Self-Distillation: Same Model, Different Prompts

The teacher is the student itself, given privileged information.

Student

$p_\theta(\cdot \,|\, x)$

Sees only the problem $x$

Teacher

$p_\theta(\cdot \,|\, x, \text{priv})$

Sees $x$ + privileged info

Same weights $\theta$, different context.

Two variants: OPSD (priv = optimal trajectory) and SDPO (priv = feedback).

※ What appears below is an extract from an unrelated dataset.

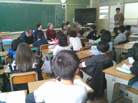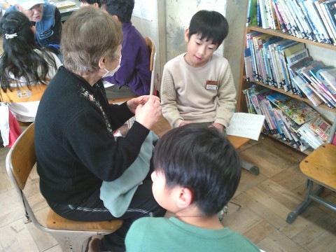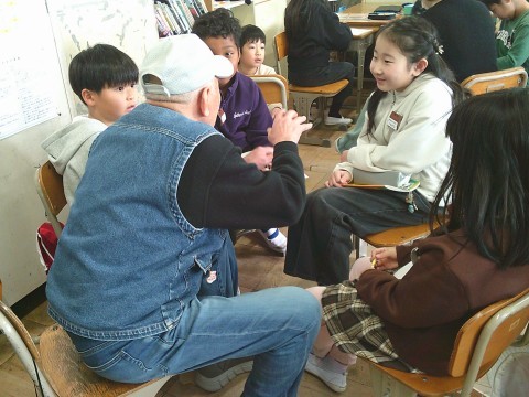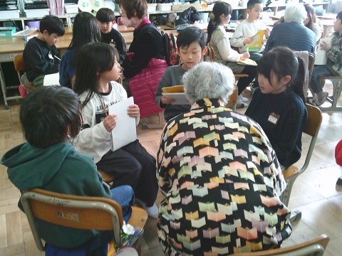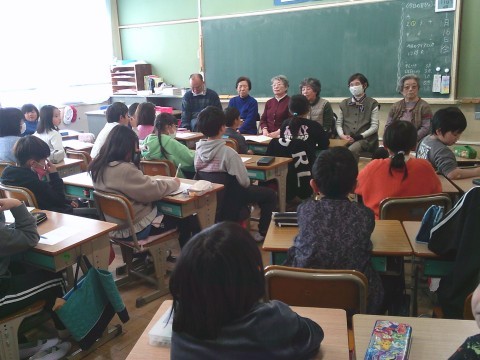 社会で昔の暮らしや道具などについて,老人会のみなさんにお越しいただき,

OPSD: OPD + Optimal Trajectory

Self-Distilled Reasoner (UCLA, Jan 2026)

Dataset
$\{(x, y^\ast)\}$
Student
$p_S(\cdot|x)$
Sample
$\hat{y} \sim p_S$
Teacher
$p_T(\cdot|x, y^\ast)$
Loss
$D(p_T \| p_S)$

The teacher sees $x + y^\ast$ → can assign per-token credit.

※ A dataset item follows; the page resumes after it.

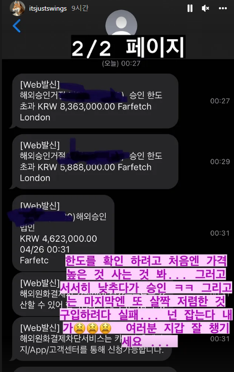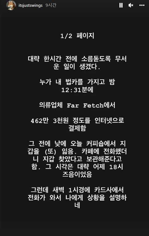 이어 “누가 내 법카를 가지고 밤 12시 31분에 의류업체에서 462만3천 원 정도를 인터넷으로 결제함”이라고 밝혔다.

Gradients flow only through the student's logits.

On-policy sampling avoids SFT's exposure bias.

SDPO: OPD + Natural Language Feedback

RL via Self-Distillation (ETH Zurich, Jan 2026)

1. Question
$x$
2. Answer
$y \sim \pi_\theta$
3. Feedback
$f$ from judge
4. Self-Teacher
$\pi_\theta(y|x,f)$
5. Distill
RKLD

Example

def f(n): return list(range(1, n+1))

Feedback

"Don't include n."

No optimal trajectory needed — only post-hoc critique.

OPSD vs. SDPO

OPSD

Priv info: Optimal trajectory $y^\ast$

Teacher: $p_\theta(\cdot | x, y^\ast)$

Pro: Direct, fine-grained signal

Con: Needs ground-truth solutions

SDPO

Priv info: NL feedback $f$

Teacher: $\pi_\theta(\cdot | x, f)$

Pro: Works with any judge

Con: Feedback quality matters

Both use self-distillation: same model, different privileged context.

Reverse KL drives the student toward the teacher's corrected distribution.